А вообще, логично! Обносить осадным тыном русскую крепость, растапливая снег и прогревая землю кострами, а после еще долго и нудно вкапывать в нее частокол (а бревна для него еще нужно нарубить и заострить поверху!) – задача не из простых. Между тем рогатки не хуже защитят от внезапного налета конницы, но зато их установка (уже готовых!) требует совершенно незначительных затрат времени…

Наблюдая за ворогом, я также стал свидетелем того, как несколько нукеров, занимающихся выставлением заграждений, вдруг словно под землю проваливались! А потом понял, что они действительно проваливались – в замаскированные русичами волчьи ямы. Их я тоже советовал нарыть защитникам Пронска, теперь же пришло время с ужасом осознать, что в крепость после налета на лагерь мы никак отойти не сможем! Ибо прорываться пришлось бы через полосу скрытых ловушек, и сколько бы они унесли жизней наших воев, неведомо… Да и стационарный мостик, перекинутый через ров к воротам, княжьи люди разобрали заранее, исключив любую для нас возможность беспрепятственно отступить в град после налета на стоянку поганых.

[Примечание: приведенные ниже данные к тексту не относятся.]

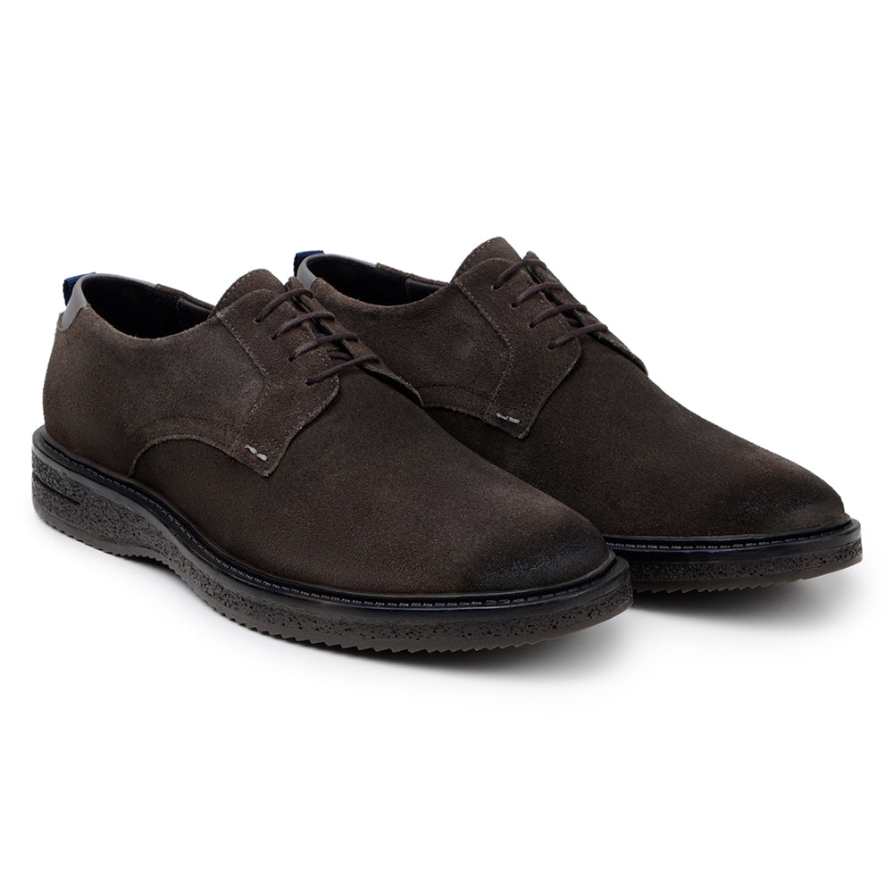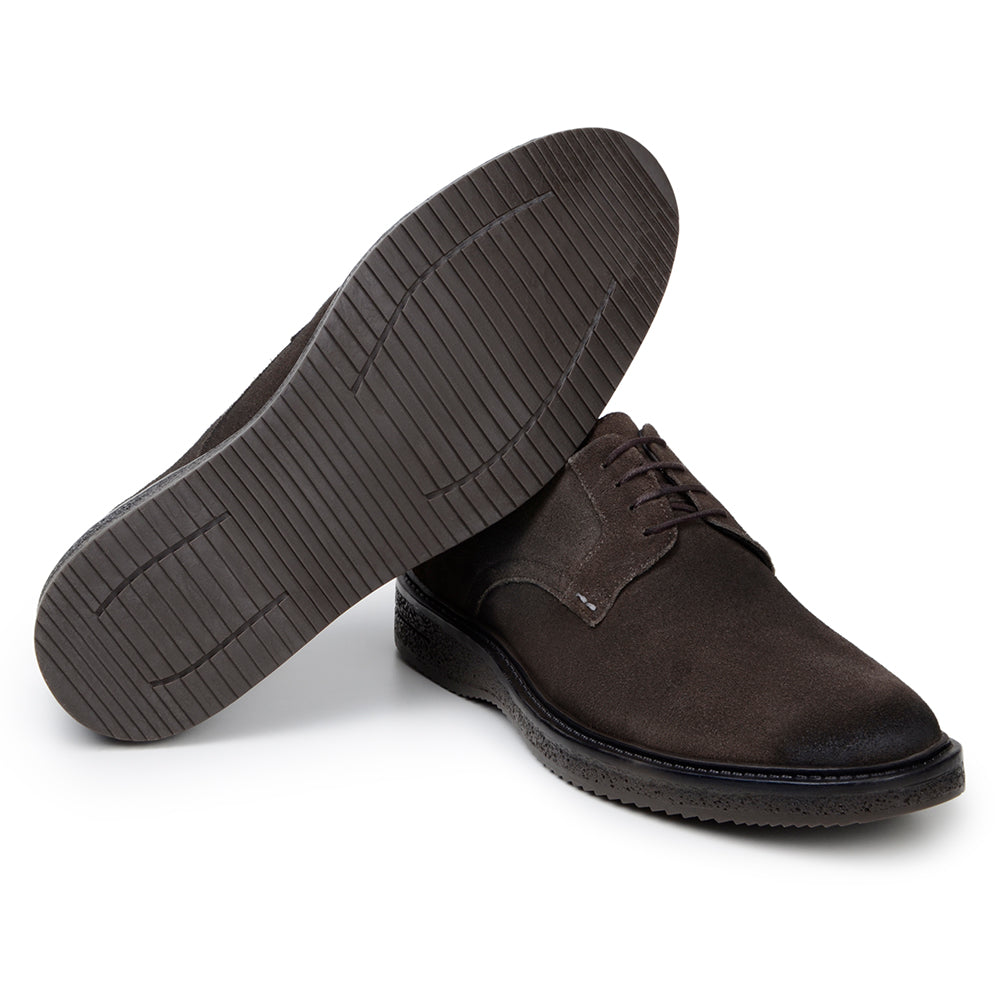 CABEDAL: Sapato casual modelo Derby, fabricado em couro bovino Camurça/ Fly de alta qualidade;
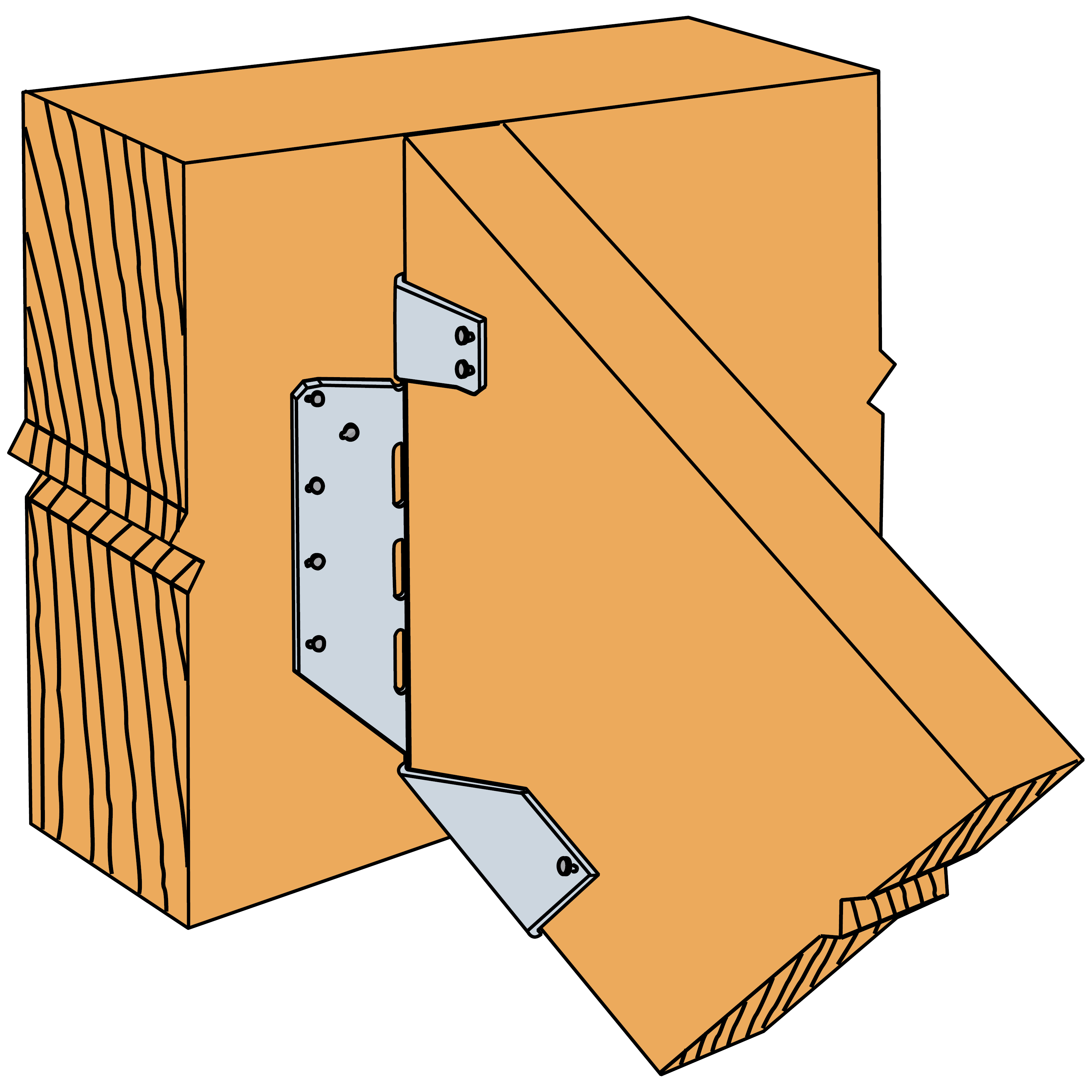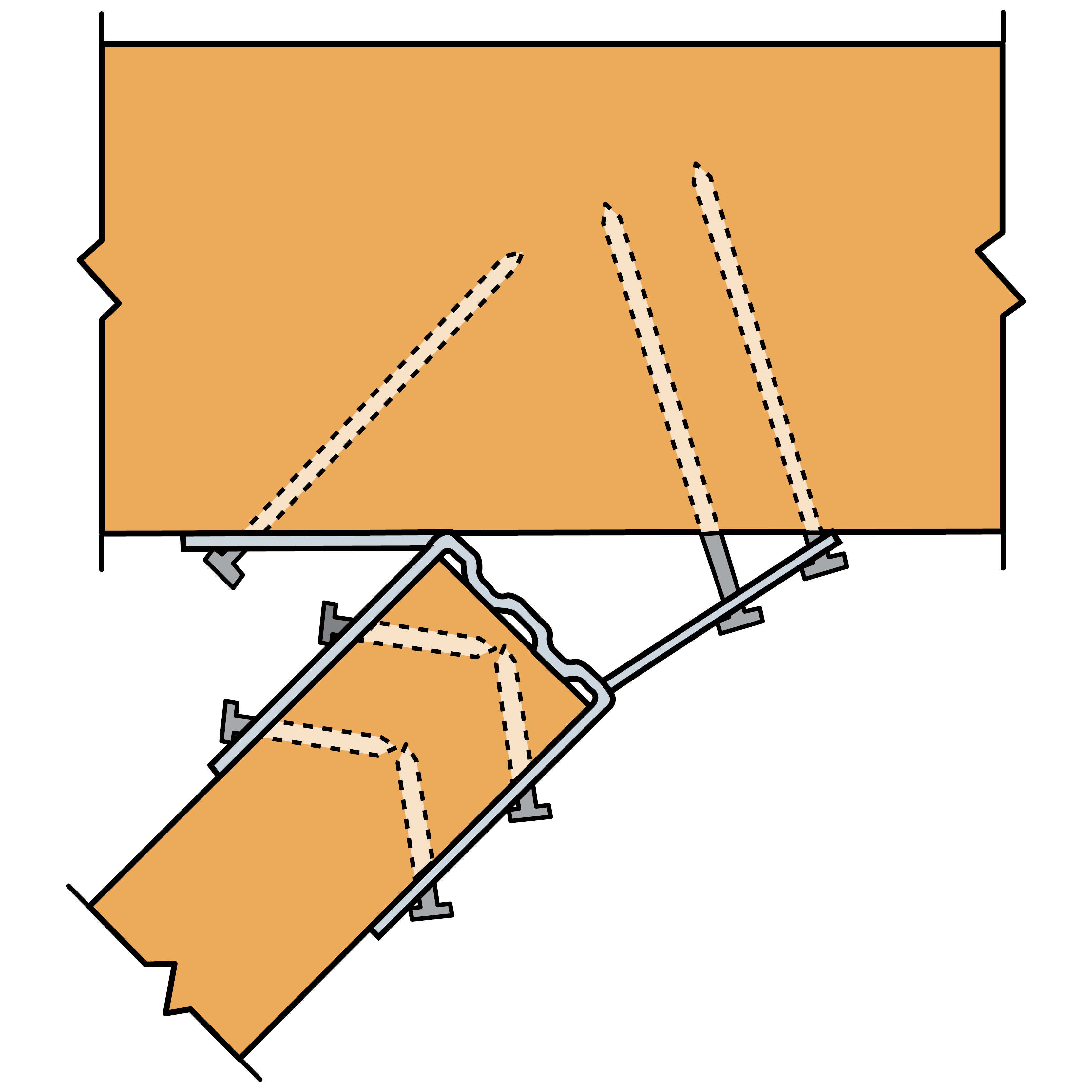 Złącze LSSUI / LSSU służy do połączenia krokwi z kalenicą. Dzięki możliwości dostosowania kąta w płaszczyźnie poziomej nadaje się idealnie do połączenia krokwi z belką narożną w dachach kopertowych.
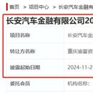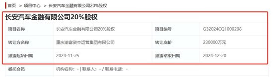 财联社11月25日讯(记者 邹俊涛)11月25日,财联社记者从重庆产权交易网获悉,长安汽车金融有限公司(下称“长安汽车金融”)20%股权正在被公开挂牌转让。信息披露起止日期为2024年11月25日至2024年12月20日。
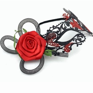 pod touto luxusnou Filigránovou škraboškou s červenou ružou po strane.
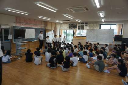 教生先生と出会う「こんにちは集会」では、子どもたちが係を決め、プログラムや司会、はじめの言葉とおわりの言葉、クラス紹介まで行いました。どのクラスも個性の生きた紹介となりました。
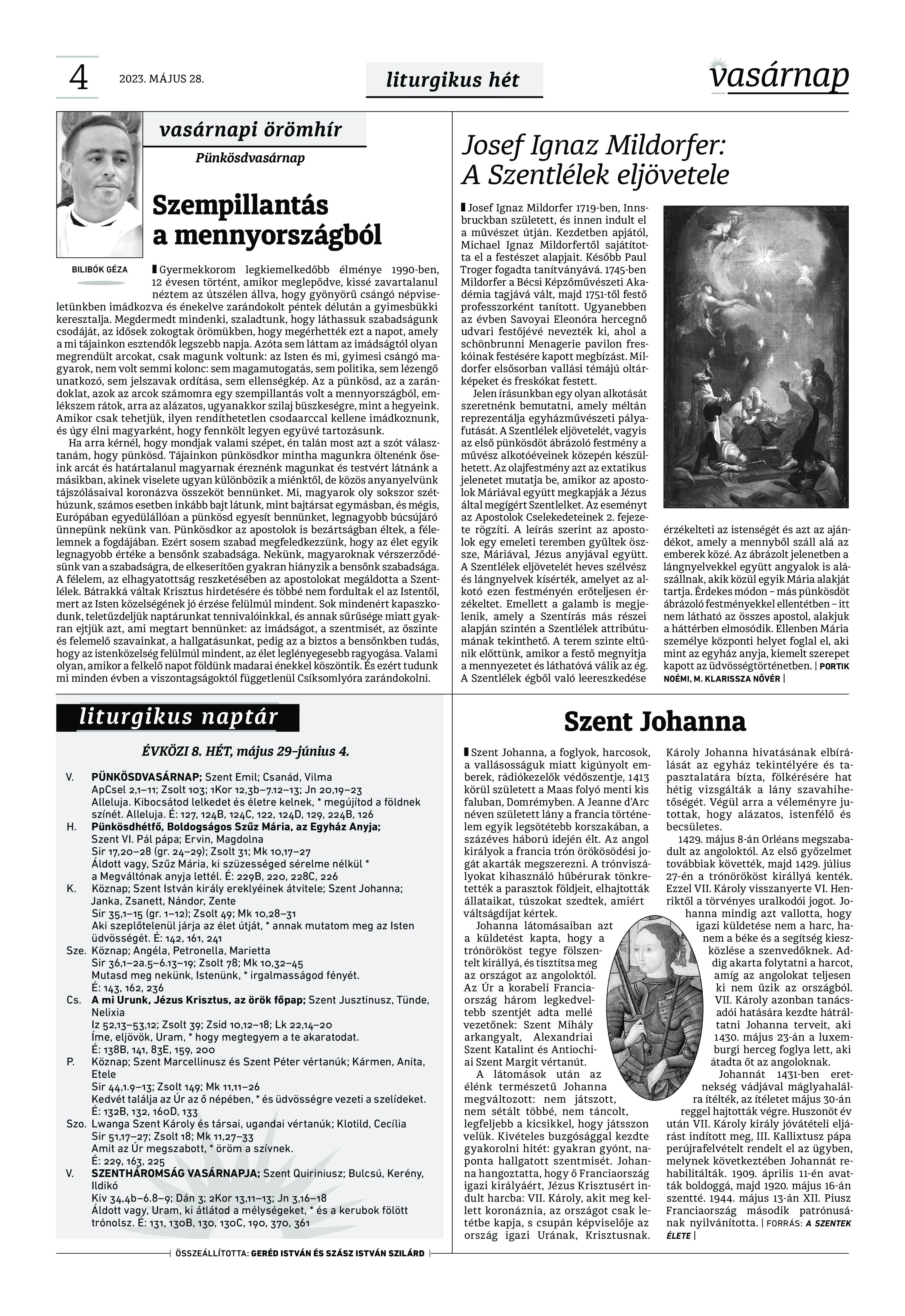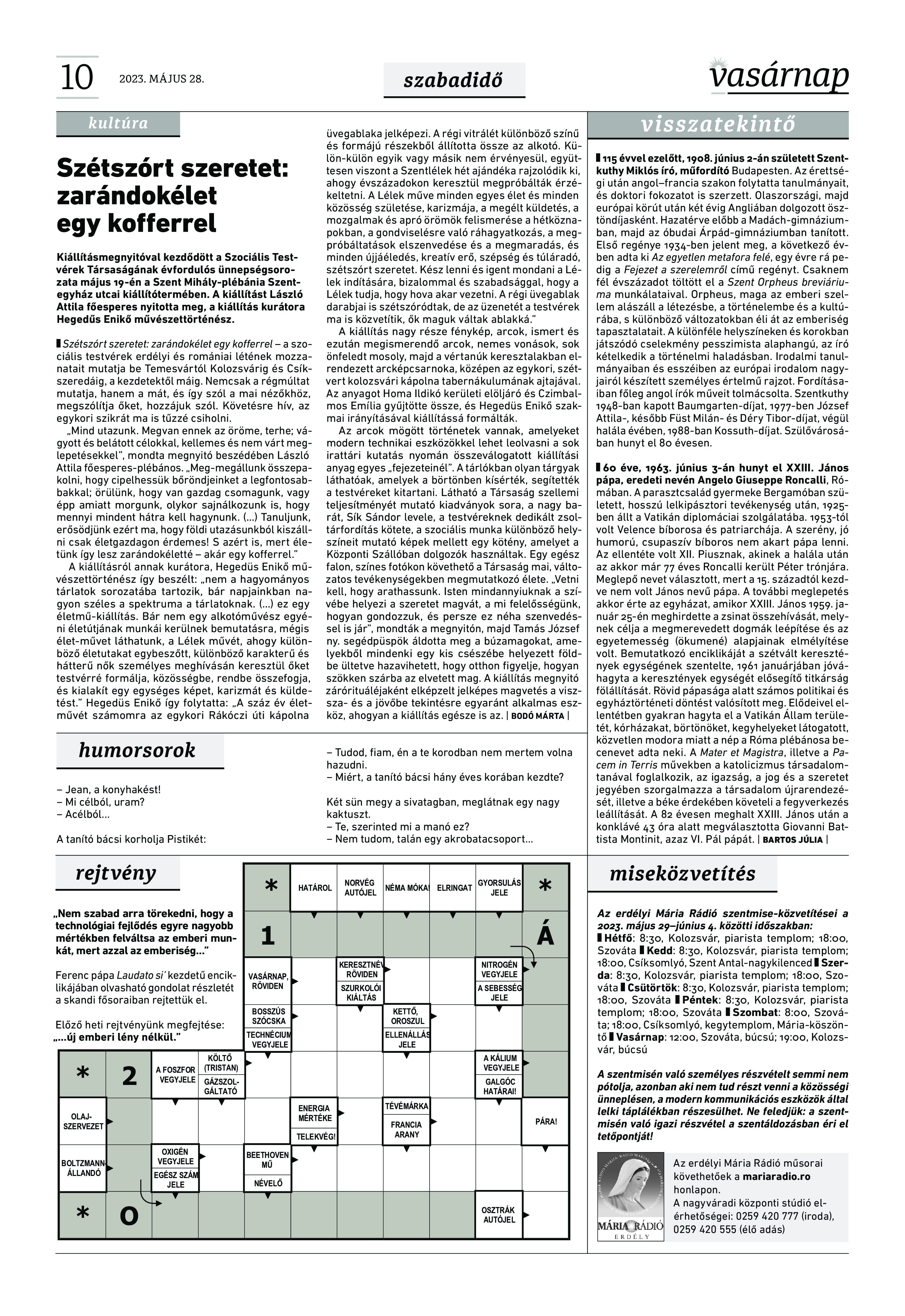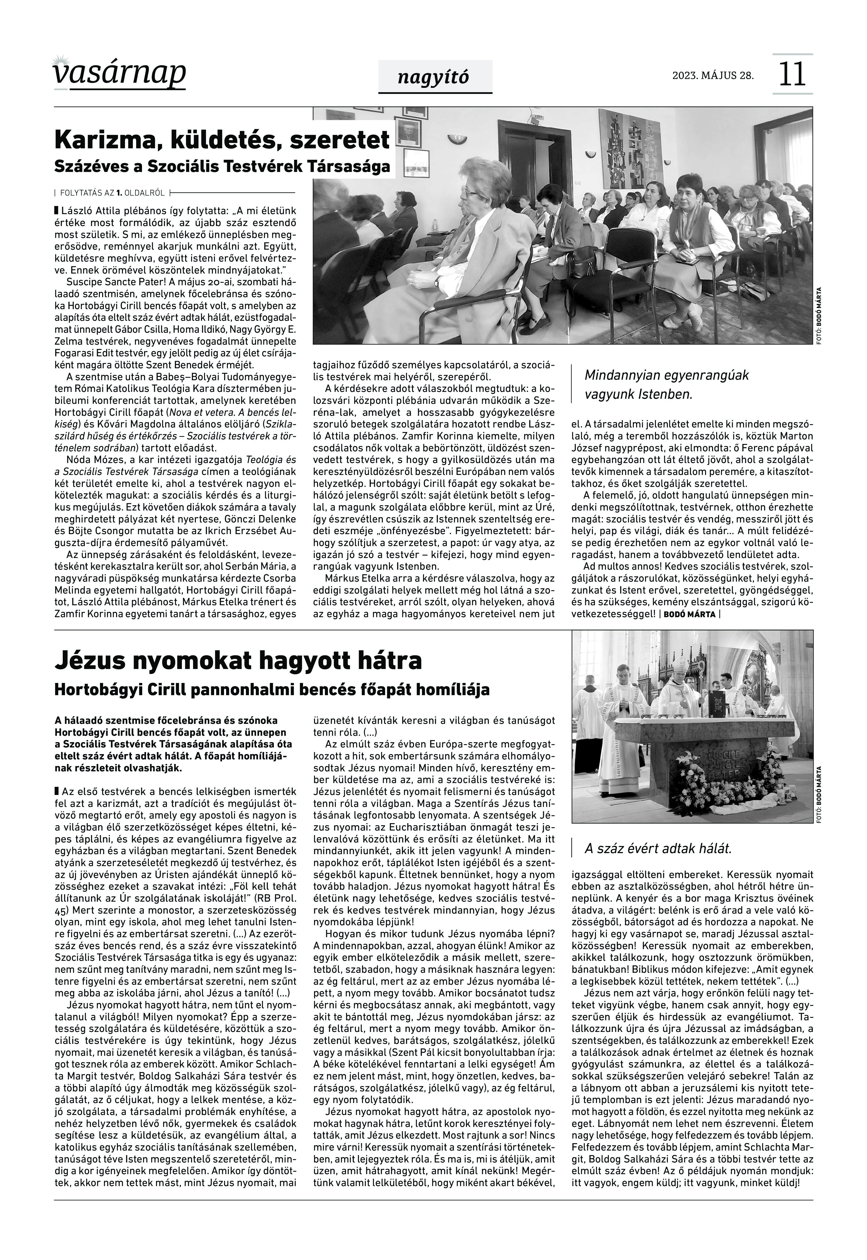 A Vasárnap Katolikus Hetilap 2023. május 28. / XXXIII évf. / 22. számának digitális változata

Однако татары ведь уже в первый день прямо на наших глазах принялись строить пороки! Вот только лесорубы, орудующие в лесу, лишь заготавливали сырье. Среди них можно было разглядеть одного-двух китайцев, руководящих рубкой, но основная масса мастеров занималась сбором катапульт у рва – нам даже не пришлось брать языка, чтобы это понять. И ведь подобная технология работы противника делала атаку на лесорубов не только чрезвычайно опасной (ворог однозначно получил бы подкрепление в лице всего тумена!), но и абсолютно бессмысленной.

Увы, не больше смысла имела также и попытка напасть на инженеров в самом лагере, пусть и под покровом ночи, даже с расчетом, что после мы попытаемся вернуться в лес…

Я практически весь световой день неотрывно наблюдал за ворогом с кроны высокого дуба, растущего на достаточном удалении от опушки, чтобы не бояться быть замеченным мокшей, и в тоже время возвышающимся над прочими деревьями так, чтобы я мог беспрепятственно следить за осадной работой. Мне даже удалось отследить, в какую именно часть стойбища удалились китайцы и где примерно стоят их шатры… Все пошло по худшему (хотя и ожидаемому) сценарию: конструкторы-артиллеристы расположились в самом защищенном месте – в центре лагеря, рядом со ставкой темника и в окружении его телохранителей. И при трезвом размышлении стало кристально ясно: шанс на успех внезапной атаки, целью которой будут именно мастера осадного дела, стремится к нулю!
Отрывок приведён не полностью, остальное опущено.